Background: Beta-thalassemia major (TM) is one of the most common genetic diseases in Iran. Despite some efforts to reduce the incidence of TM, its incidence is still relatively high in some areas of the country. Methods: This cross-sectional study was performed on 635 families who had children with TM. The families that had more than one child with TM were enrolled. A demographic data questionnaire and a checklist containing queries about the reasons for the birth of the second or subsequent TM children were completed by each family. Finally, the data were analyzed using SPSS version 16. Results: Among the families that had more than one child with TM, 90, 23, and three families had two, three, and four children with the disease, respectively. Of the 261 patients studied, 125 (47.9%) and 136 (52.1%) had been born prior and after the implementation of the pre-marital screening program for beta-thalassemia in Iran, respectively. Also, in 29.4% of these families, parents were unaware of having thalassemia minor.

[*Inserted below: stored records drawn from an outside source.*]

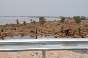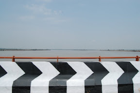 Nach ein paar Pausen und Frühstück kamen wir an einen Checkpoint an dem sich jeder Hilfstrupp der in das Gebiet geht registrieren musste und angeben musste wo wer mit was helfen will. Dies war schnell erledigt und nun fuhren wir in das Gebiet das von den Fluten so betroffen war. Wir fuhren über eine Brücke über den Fluss Krishna. Schon hier war zu sehen wie weit das Wasser über die Ufer getreten war. In den Bäumen hingen Klamotten die durch die Fluten angeschwemmt worden waren.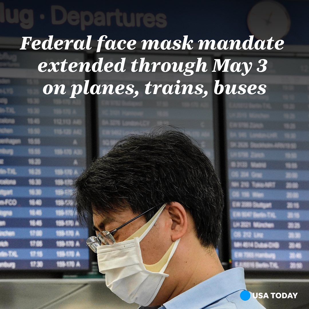 The federal transportation mask mandate, announced in January 2021 and due to expire April 18, will be extended through May 3.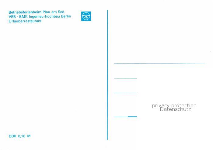 72841810 Plau See Betriebsferienheim BMK Ingenieurhochbau Berlin Urlauberrestaurant postalisch nicht gelaufen Erhaltung siehe scans [WerneD78] KatCode: 11110013060061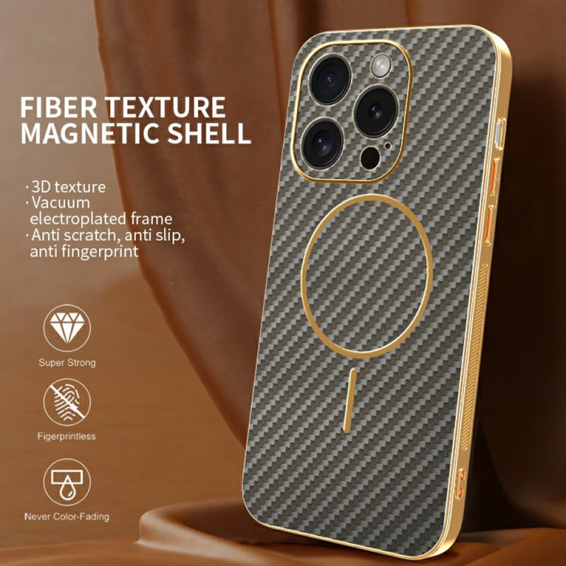 Upptäck vårt snygga skyddsfodral för iPhone 15 Pro. Tillverkat av flexibelt och hållbart TPU, med utmärkt stötdämpning och perfekt passform. Den högkvalitativa elektropläterade finishen förbättrar hållbarheten och estetiken, medan den strukturerade kolfiberbeläggningen avvisar fingeravtryck.

In other cases, factors such as lack of knowledge about screening tests (14.0%), lack of financial compliance (13.2%), late referral for genetic tests (11.8%), and not undergoing screening tests despite recommendations (9.6%) were among the reasons declared by the families. In addition to these, religious and cultural reasons should also be mentioned as effective factors. Conclusions: This study showed that in only about 30% of the studied families, the parents were unaware of having thalassemia minor, and in other families, miscellaneous reasons were involved in the birth of the second or subsequent child with TM. In some cases, despite sufficient parental knowledge about the possibility of giving birth to a child with TM, no action was taken to prevent this event.